How James Dyson made vacuum cleaners sexy

By Glen White
What makes a brand resonate with consumers? Why do some products take off where others have failed? How do you develop a product that is more than an it...

What makes a brand resonate with consumers? Why do some products take off where others have failed? How do you develop a product that is more than an item, but a lifestyle choice? How on earth do you make vacuum cleaners, fans and hand dryers sexy?

There is one man who knows the answer to all these questions and its James Dyson, founder and CEO of the Dyson company. James managed to take an every day household item and turn it into something desirable. Manufacturing Global takes a look at the man behind the business and his management style that led to such unique success.

An eye for design

From an early age James had a keen eye for art, design and interiors. After leaving school he went to Byan Shaw School of Art before studying furniture and interior design at the Royal College of Art. Only after this did James move into the field of engineering. One of Dyson’s defining factors is its modern, innovative and attractive design.
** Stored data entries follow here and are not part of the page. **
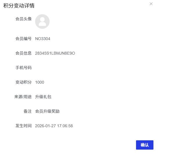 找到需要查看的积分记录,点击操作列中的「详情」按钮,可以查看会员的详细信息。
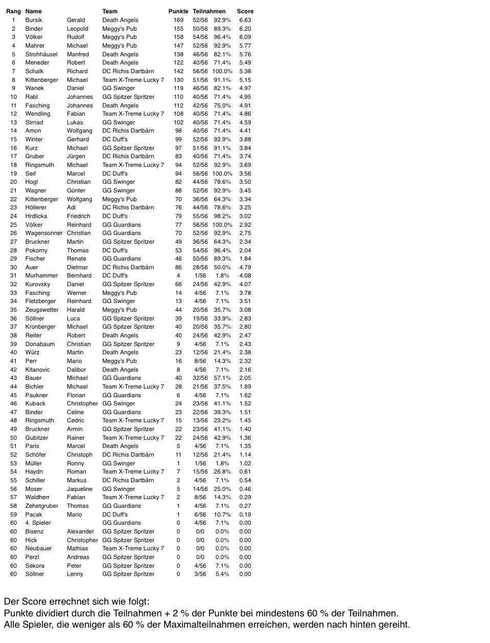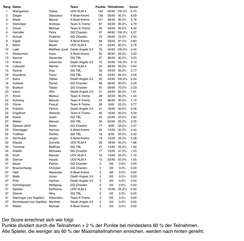 Die Herbstsaison der ÖCSV Mannschafts-Meisterschaft ist zu Ende und wir als Verein, sind stolz auf die Leistungen unserer teilnehmenden Mannschaften.
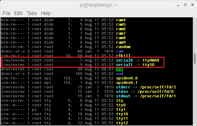 하드웨어 UART 포트, 즉 GPIO14 (TXD) 및 GPIO15 (RXD)는 serial0 이라고도하며 Bluetooth 모듈에 연결된 다른 UART 포트는 serial1 로 알려져 있습니다 . 이러한 이름은 Raspberry Pi 버전 이식성을 위해 직렬 별칭으로 생성됩니다.
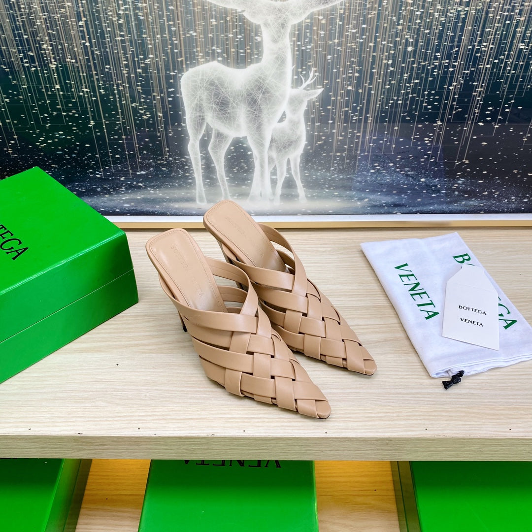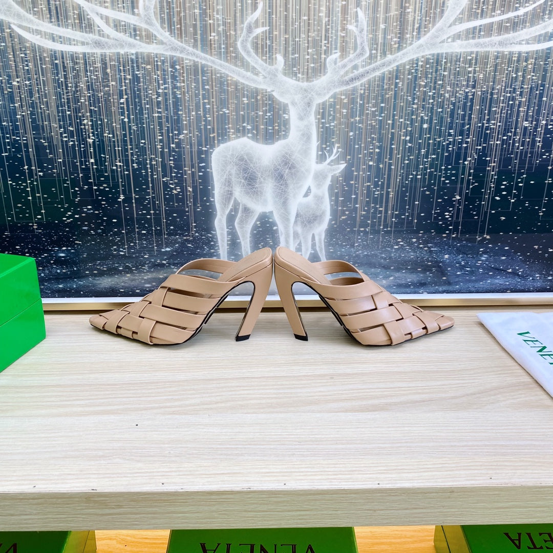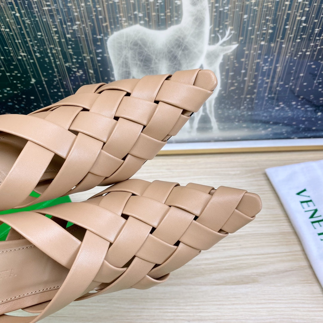 ALFIE LEATHER HIGH MULES IN CAMEL BEIGE CALFSKIN WITH WOVEN DESIGN
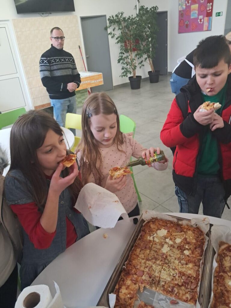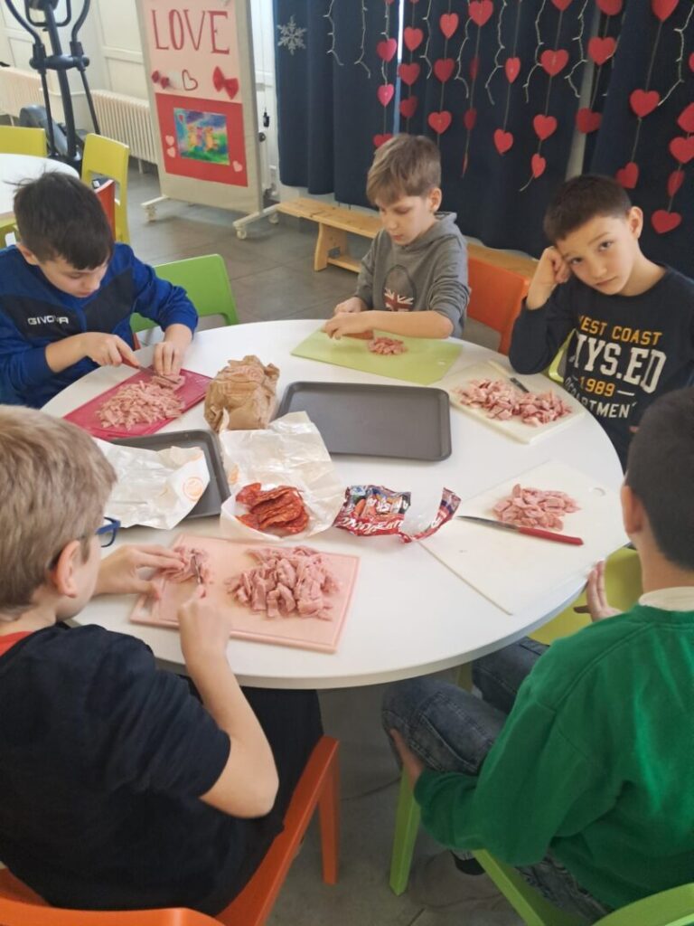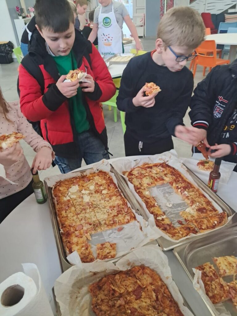 U utorak, 10. veljače 2026. godine, našom se školom širio miris svježe pečene pizze. Učenici 4. razreda su na satu Domaćinstva odlučili proslaviti Svjetski dan pizze. Mijesili su tijesto, ribali sir, rezali šunku, kulen, kobasice i slaninu. Slijedilo je kreativno kombiniranje namirnica i pečenje u školskoj kuhinji. Uživali su u svim etapama rada, ali ih je ipak najviše razveselila degustacija. Pridružili su im se i drugi učenici. Četvrtaši su, kao pravi domaćini, počastili i svoje učitelje i učiteljice u zbornici.

James’ formative years at art school clearly influenced the design of his products and contributed massively to their success.

Re-thinking existing products

Dyson is renowned for taking everyday products and making them more attractive and appealing, as well as more effective. James’ first invention also did just this; the Ballbarrow was a modified version of the wheelbarrow using a ball instead of a wheel and was featured of the BBC’s Tomorrow’s World.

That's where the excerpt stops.